How does the enrollment of part 2 for international fellows happen?
Same like part1v2.
Emailing as we did for this one…
Any idea when Part1v2 will be available to the rest of the world?
Why Than instead of RELU?
This was about sigmoid vs. tanh.
tanh vs. relu is still not clear.
The second link is about why tanh works best in this case, it’s a complex question.
Practical question: what type of visa have you international people used to attend the course? Got to get involved in person for part 2
I thought the hidden layers were supposed to be initialized with identity matrices, not 0’s… Wasn’t that the conclusion of the Hinton paper brought up last class?
I think in the RNN case it makes sense to initialise with zeros because the first state is no input.
Found one paper that mentions IRNN - RNN with ReLU as an activation function.

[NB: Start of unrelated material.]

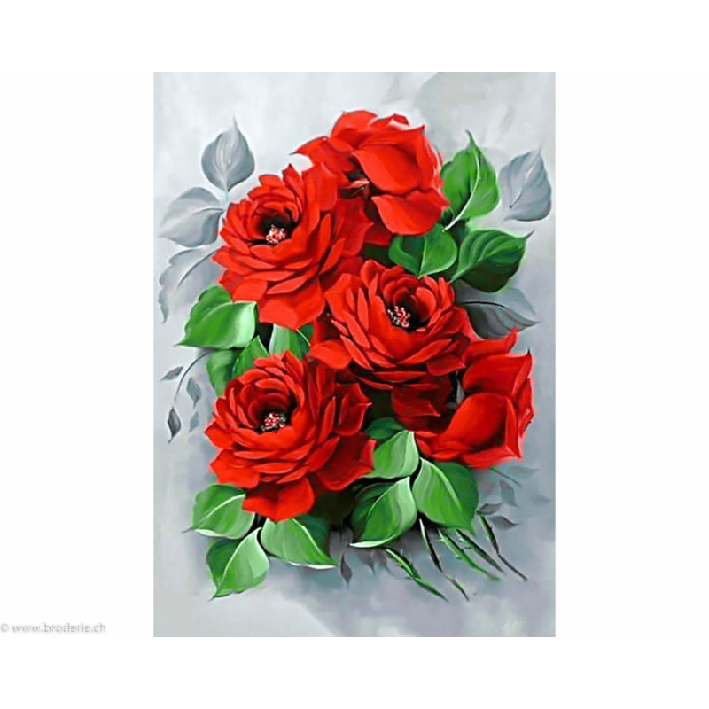 Collection d'Art, kit diamant Elegant roses (art. CADE309). Dimensions: 27 x 38 cm. Kit comprenant la toile adhésive, les strass carrés emballés dans des sachets individuels et numérotés aux références des coloris de DMC, une pince, un stylo et sa colle, 2 réceptables et les explications.Toute la surface du tableau est à recouvrir de strass. ATTENTION: ce n'est pas une broderie, il n'y a ni fil ni aiguille, mais un collage comme une mosaïque.

They say it works almost as well as LSTM. https://arxiv.org/pdf/1603.09420.pdf
This is the paper I’m referring to:
https://arxiv.org/abs/1504.00941
Key to our solution is the use of the identity matrix or its scaled version to initialize the recurrent weight matrix.
Is the recurrent weight matrix equivalent to the hidden layer?
That explains why when I set bptt to 140 everything blew up… It is all coming together.
So what are the cons of setting it lower? Slower training times?
Hope you’re referencing the greatest musical of all time ;p